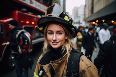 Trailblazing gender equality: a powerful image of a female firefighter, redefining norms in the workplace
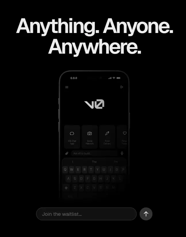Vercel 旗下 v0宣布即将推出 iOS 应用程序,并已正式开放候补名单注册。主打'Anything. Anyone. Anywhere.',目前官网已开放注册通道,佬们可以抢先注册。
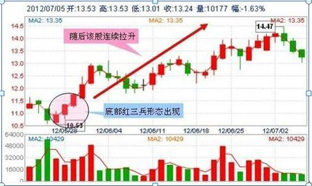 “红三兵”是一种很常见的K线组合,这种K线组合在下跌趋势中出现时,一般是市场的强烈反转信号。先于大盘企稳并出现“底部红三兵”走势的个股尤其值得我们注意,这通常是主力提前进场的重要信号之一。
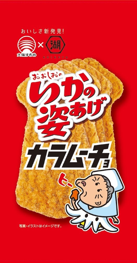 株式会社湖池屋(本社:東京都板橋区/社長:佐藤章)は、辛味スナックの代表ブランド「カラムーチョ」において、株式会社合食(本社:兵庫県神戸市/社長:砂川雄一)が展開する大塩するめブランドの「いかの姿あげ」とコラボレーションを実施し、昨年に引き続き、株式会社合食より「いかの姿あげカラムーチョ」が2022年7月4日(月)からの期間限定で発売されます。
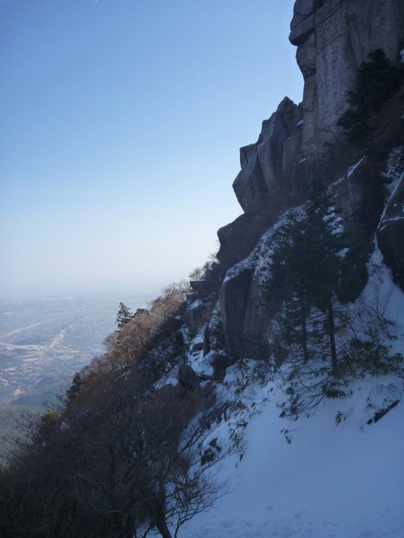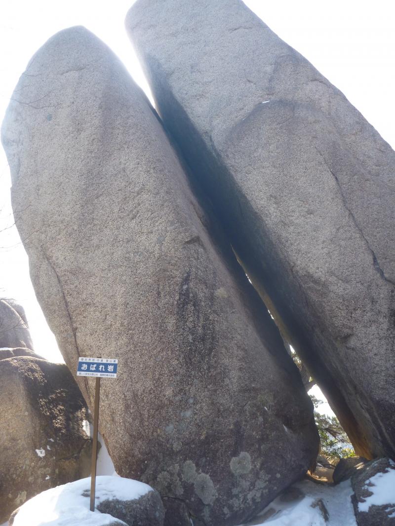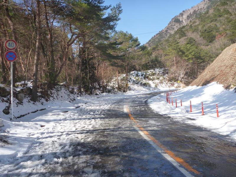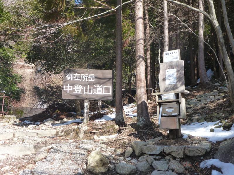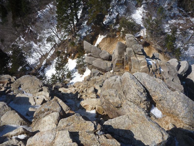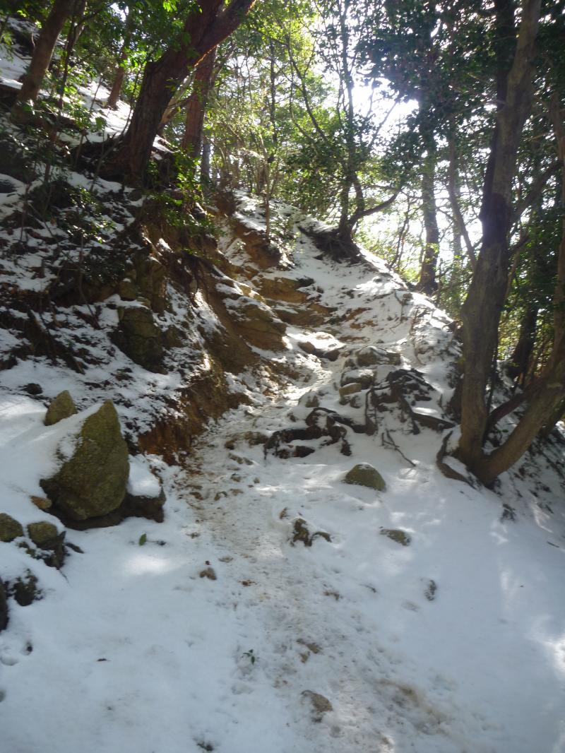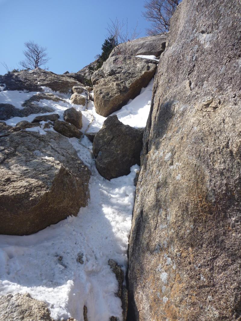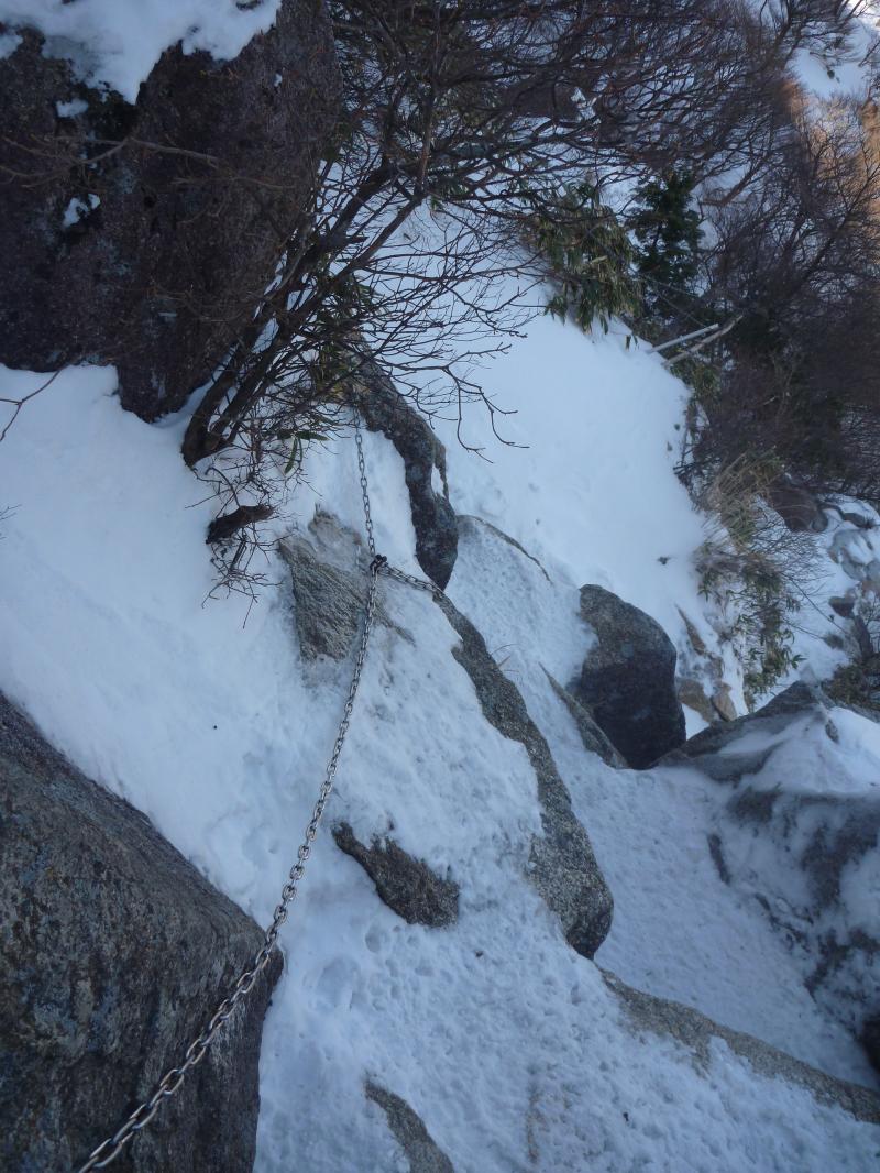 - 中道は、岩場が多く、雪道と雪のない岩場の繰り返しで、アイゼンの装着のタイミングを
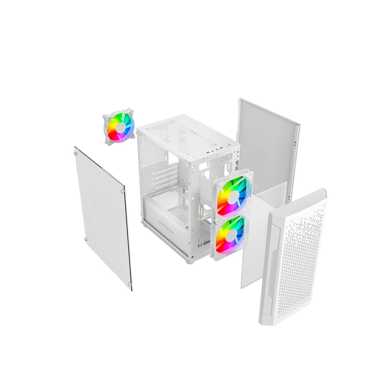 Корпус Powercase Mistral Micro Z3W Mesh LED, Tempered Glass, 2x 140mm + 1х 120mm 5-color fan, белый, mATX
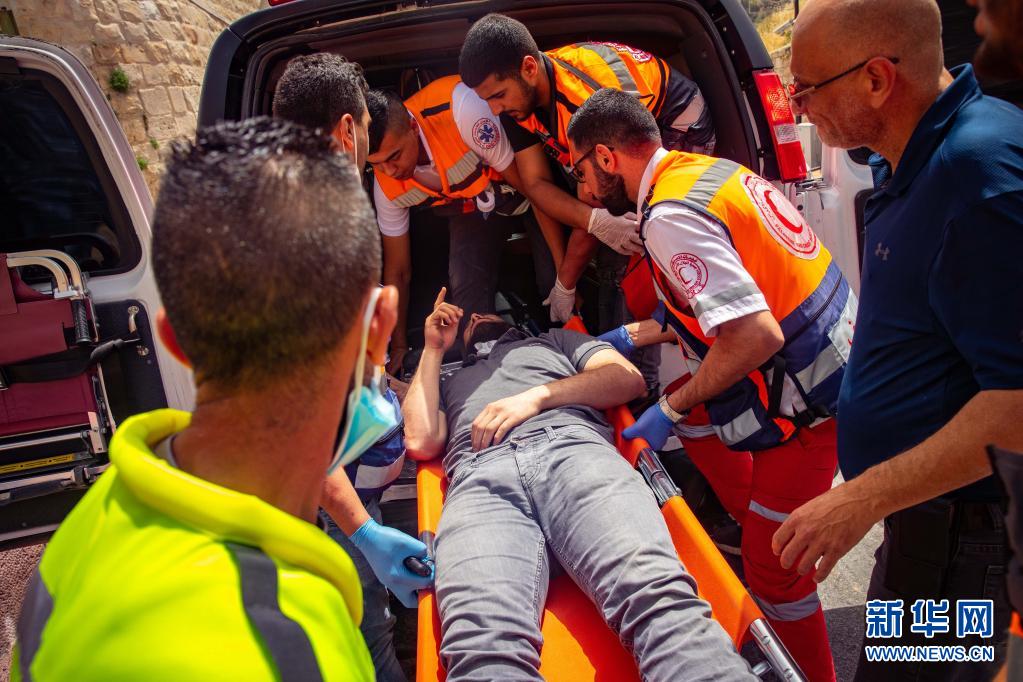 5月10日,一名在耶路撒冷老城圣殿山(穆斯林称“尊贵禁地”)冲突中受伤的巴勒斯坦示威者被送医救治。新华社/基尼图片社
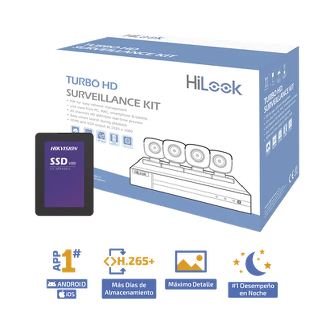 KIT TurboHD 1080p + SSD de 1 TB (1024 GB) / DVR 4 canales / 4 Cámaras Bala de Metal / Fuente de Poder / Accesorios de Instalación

■ Your assignment
From the line that contains "Vercel 旗下 v0宣布即将推出" to the end of the listing, give every line again exactly as written. Leave the pictures out.

■ Response
Vercel 旗下 v0宣布即将推出 iOS 应用程序,并已正式开放候补名单注册。主打'Anything. Anyone. Anywhere.',目前官网已开放注册通道,佬们可以抢先注册。
 “红三兵”是一种很常见的K线组合,这种K线组合在下跌趋势中出现时,一般是市场的强烈反转信号。先于大盘企稳并出现“底部红三兵”走势的个股尤其值得我们注意,这通常是主力提前进场的重要信号之一。
 株式会社湖池屋(本社:東京都板橋区/社長:佐藤章)は、辛味スナックの代表ブランド「カラムーチョ」において、株式会社合食(本社:兵庫県神戸市/社長:砂川雄一)が展開する大塩するめブランドの「いかの姿あげ」とコラボレーションを実施し、昨年に引き続き、株式会社合食より「いかの姿あげカラムーチョ」が2022年7月4日(月)からの期間限定で発売されます。
 - 中道は、岩場が多く、雪道と雪のない岩場の繰り返しで、アイゼンの装着のタイミングを
 Корпус Powercase Mistral Micro Z3W Mesh LED, Tempered Glass, 2x 140mm + 1х 120mm 5-color fan, белый, mATX
 5月10日,一名在耶路撒冷老城圣殿山(穆斯林称“尊贵禁地”)冲突中受伤的巴勒斯坦示威者被送医救治。新华社/基尼图片社
 KIT TurboHD 1080p + SSD de 1 TB (1024 GB) / DVR 4 canales / 4 Cámaras Bala de Metal / Fuente de Poder / Accesorios de Instalación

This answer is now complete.